### THE TASK
Omit all pictures and transcribe only the lines in the entries below that run from the line with "2組の授業は国語です。「はな" through the line with "NO COMPATIBLE CON".

### MATERIAL SUPPLIED

· · ·

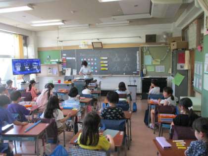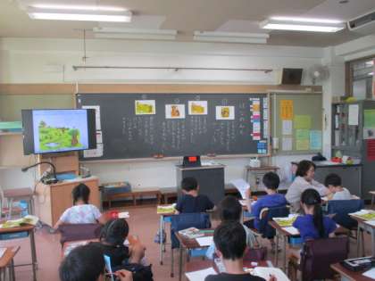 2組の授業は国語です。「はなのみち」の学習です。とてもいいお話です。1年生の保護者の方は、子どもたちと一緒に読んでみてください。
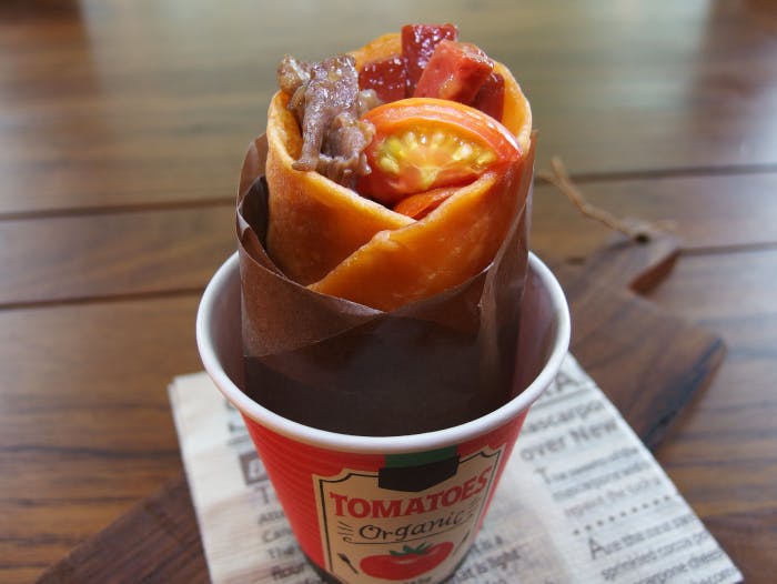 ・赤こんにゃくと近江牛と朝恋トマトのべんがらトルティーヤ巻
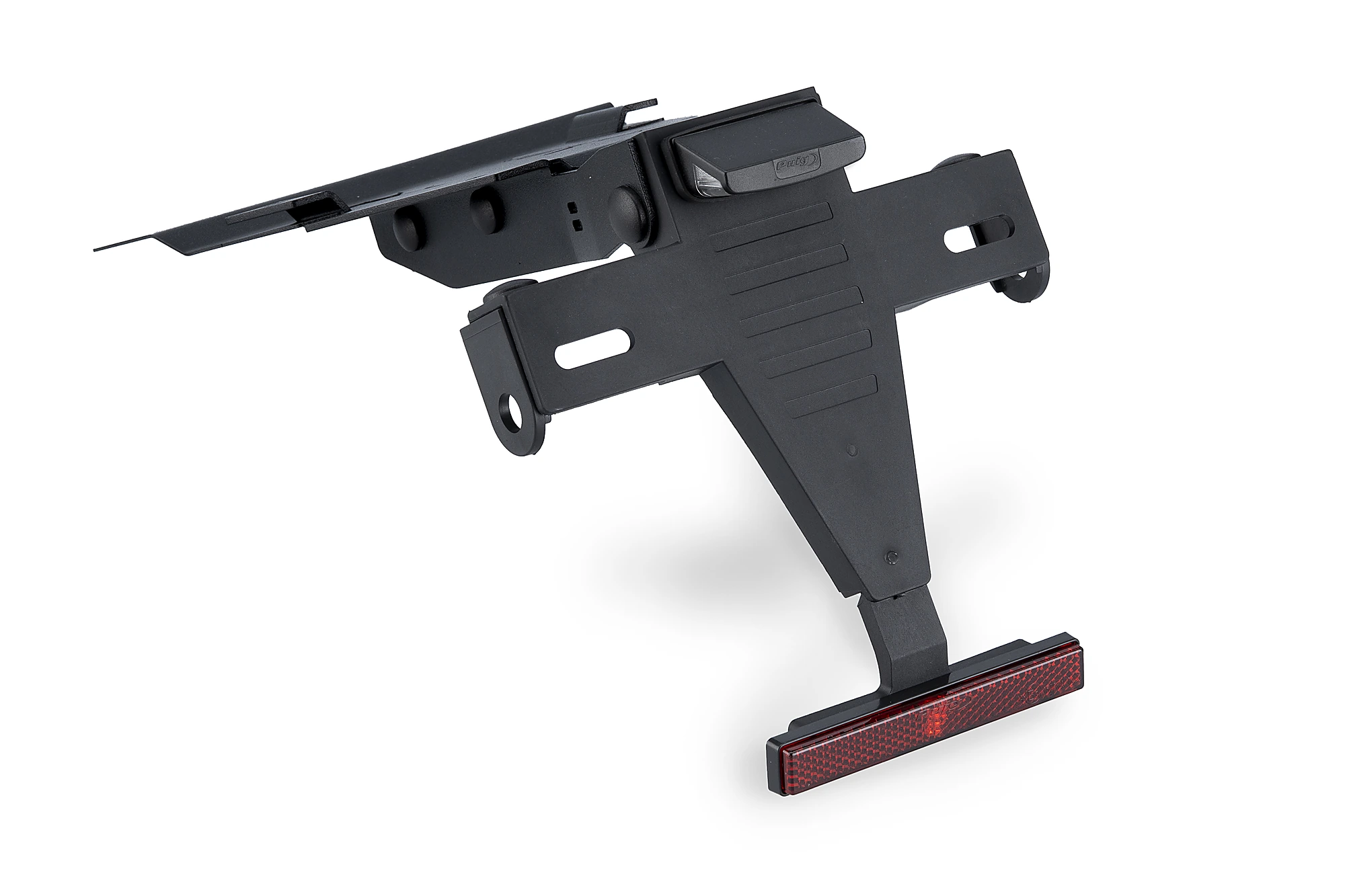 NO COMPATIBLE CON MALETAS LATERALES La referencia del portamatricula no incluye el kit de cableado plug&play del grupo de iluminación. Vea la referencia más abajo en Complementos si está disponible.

· · ·

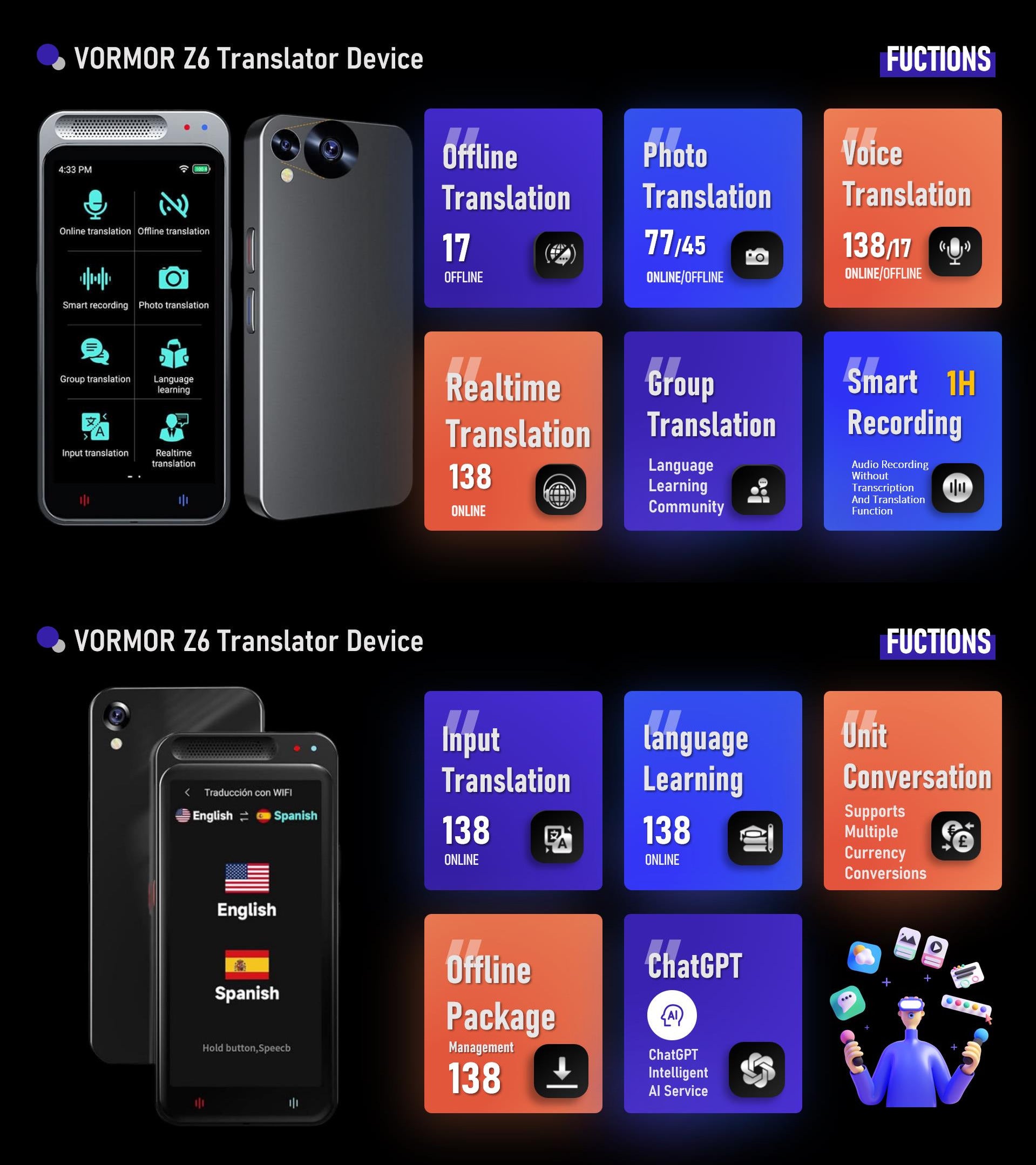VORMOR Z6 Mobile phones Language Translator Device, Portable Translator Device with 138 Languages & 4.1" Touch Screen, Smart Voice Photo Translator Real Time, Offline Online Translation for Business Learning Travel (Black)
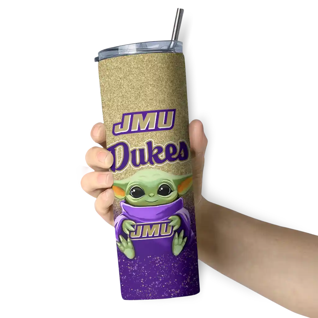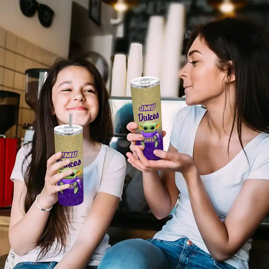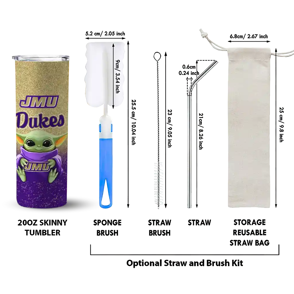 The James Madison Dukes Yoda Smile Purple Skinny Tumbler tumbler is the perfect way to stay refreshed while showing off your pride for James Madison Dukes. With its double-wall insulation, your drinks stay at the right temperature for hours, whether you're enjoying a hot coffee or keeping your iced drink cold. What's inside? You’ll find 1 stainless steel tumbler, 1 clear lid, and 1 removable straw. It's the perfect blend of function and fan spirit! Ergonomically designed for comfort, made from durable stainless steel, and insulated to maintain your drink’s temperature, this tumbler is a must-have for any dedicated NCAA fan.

· · ·

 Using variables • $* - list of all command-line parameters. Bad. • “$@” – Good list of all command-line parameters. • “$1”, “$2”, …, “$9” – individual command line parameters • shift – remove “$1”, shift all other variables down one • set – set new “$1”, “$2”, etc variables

· · ·

### RESULT FOR THIS EXERCISE
 2組の授業は国語です。「はなのみち」の学習です。とてもいいお話です。1年生の保護者の方は、子どもたちと一緒に読んでみてください。
 ・赤こんにゃくと近江牛と朝恋トマトのべんがらトルティーヤ巻
 NO COMPATIBLE CON MALETAS LATERALES La referencia del portamatricula no incluye el kit de cableado plug&play del grupo de iluminación. Vea la referencia más abajo en Complementos si está disponible.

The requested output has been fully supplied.